Does it make sense to distribute the video data differently?

Spread it across all the potential "rows" just as a test? Or does reading not refresh at all?

Unfortunately reading long bursts seems to hold off refresh of the data being read. I would have expected it to be able to refresh after a read like normal SDRAM does, but it seems to have problems if you exceed the CS low time. Or perhaps some other corruption can happen when the CS is low for longer than this set refresh interval. Strangely it seems to pick up the state of other rows, not pure random data.

If we need to manage our own refresh we would need to not use bursts (nor would we want to), we'd have to read through all rows in the device within the desired refresh time as quickly as possible, (e.g. single byte transfer). Some of this could be done during blanking if the driver knows when we are blanking, as well as idle periods when the video COG is not requesting data. Alternatively we just break up the bursts (this adds a bit more overhead). We may need 3-6 bursts to meet the 4us limit, though it is clock and video mode dependent. The 16us is far more generous and we may only need 1 or 2 bursts in that case.

rogloh · 2019-12-14 08:45

I am currently now trying to get the mouse working with USB so I can put together some interactive control of my graphics stuff, which can be helpful instead of simple canned tests/demos. But I am having problems with the garryj USB code right now. I can spawn a COG to start the USB from within my application, and my USB mouse seems to work now I patched it for revB (I can get it to output debug co-ordinates over serial etc), but my video structures are all getting trashed affecting the picture, font etc, if I call the USB, and okay if I don't call the USB code. I wonder if the USB code is somehow writing to other memory areas outside of what it is meant to...?

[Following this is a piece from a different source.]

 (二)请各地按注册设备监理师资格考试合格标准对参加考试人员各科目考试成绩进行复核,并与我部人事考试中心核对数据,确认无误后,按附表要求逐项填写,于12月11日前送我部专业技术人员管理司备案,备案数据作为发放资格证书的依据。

Has anyone seen any evidence of this type of behaviour with the USB code? Or is it known to be fully self-contained and well behaved with fastspin?

jmg · 2019-12-14 08:45

rogloh wrote: »

..
If we need to manage our own refresh we would need to not use bursts (nor would we want to), we'd have to read through all rows in the device within the desired refresh time as quickly as possible, (e.g. single byte transfer)..

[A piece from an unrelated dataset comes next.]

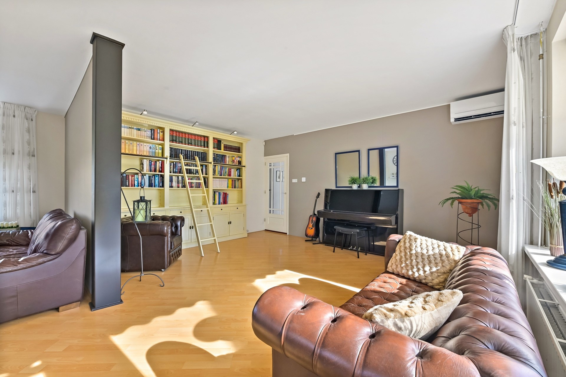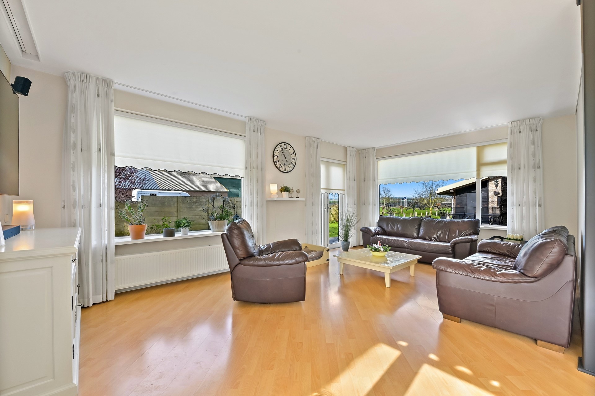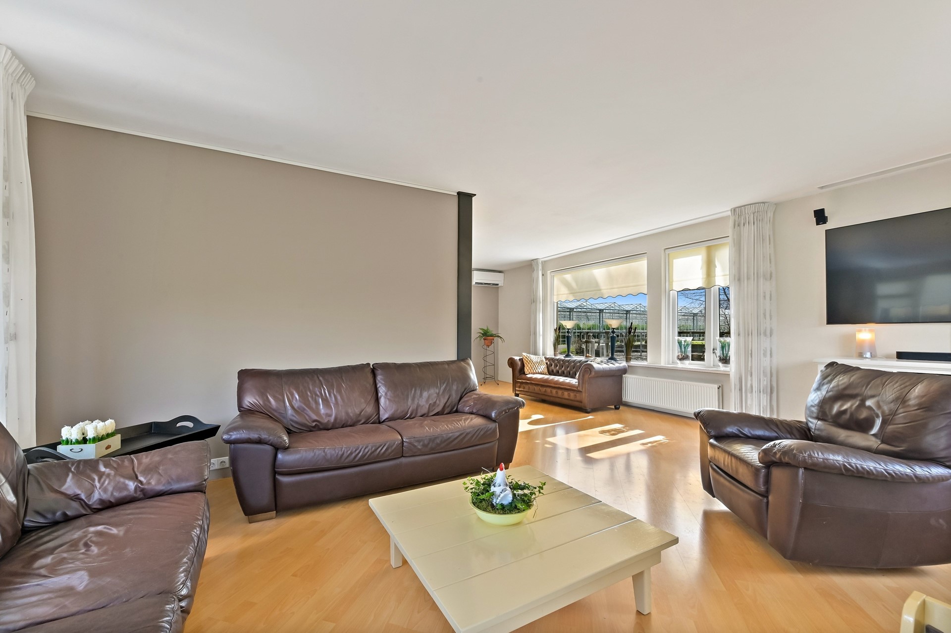• Het voorhuis is voorzien van een woonkamer met veel lichtinval, airco en vrij zicht op de tuin.

If doing this, I wonder if even one byte needs to be read ?
There may be some smaller number of clocks needed during the address time, to trigger refresh.
Read into the row buffer may be enough, it may not need any byte to move out of the pins.

evanh · 2019-12-14 08:57

There is multiple places the datasheet implying that CS low blocks the auto-refresh. Mostly in terms of "all reads and writes", eg:

"Because the DRAM cells cannot be refreshed during a read or write transaction, ..."

Whicker,
I'd say you've got this one exactly right. The datasheet here is effectively saying it'll skip rows when CS is low too long by saying that they can be made up for by running through them manually as a catchup:

The host system may also effectively increase the tCMS value by explicitly taking responsibility for performing all refresh and doing burst refresh reading of multiple sequential rows in order to catch up on distributed refreshes missed by longer transactions.

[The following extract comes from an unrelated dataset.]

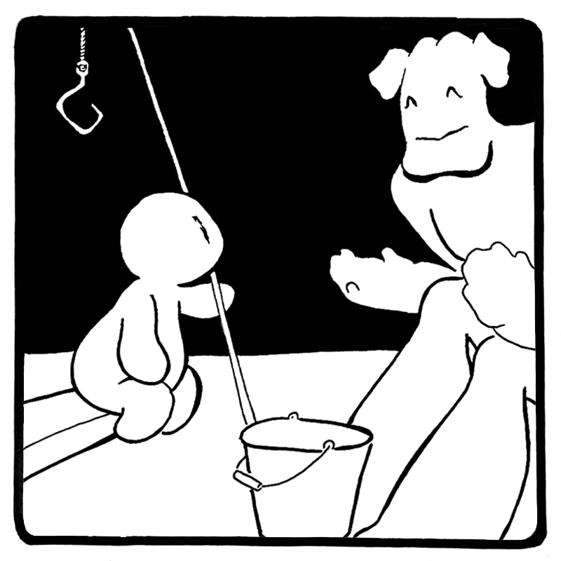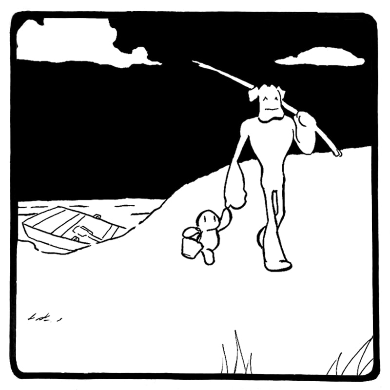 Shibu and Quiet Child live in a quiet house by the sea. They enjoy their little life together, and Shibu keeps a watchful eye, lest Quiet Child's curiosity lead to peril. As far as they know, they live alone. But a ghost forgotten still remains. Watch out, Shibu! Be careful, Quiet Child! If the darkness takes you, it will play for keeps.

The catch is I don't see any way to know what was missed by the auto-refresh. This implies the catchup needs to run a full end to end refresh sequence of it's own to cover all bases.

Here's some supporting quotes from the datasheet (I bolded for highlighting):

Configuration Register 1 (CR1) is used to define the distributed refresh interval for this HyperRAM device. The core DRAM array requires periodic refresh of all bits in the array. This can be done by the host system by reading or writing a location in each row within a specified time limit. The read or write access copies a row of bits to an internal buffer. At the end of the access the bits in the buffer are written back to the row in memory, thereby recharging (refreshing) the bits in the row of DRAM memory cells.

Refresh of all rows could be done as a single batch of accesses at the beginning of each interval, in groups (burst refresh) of several rows at a time, spread throughout each interval, or as single row refreshes evenly distributed throughout the interval. The self-refresh logic distributes single row refresh operations throughout the interval so that the memory is not busy doing a burst of refresh operations for a long period, such that the burst refresh would delay host access for a long period.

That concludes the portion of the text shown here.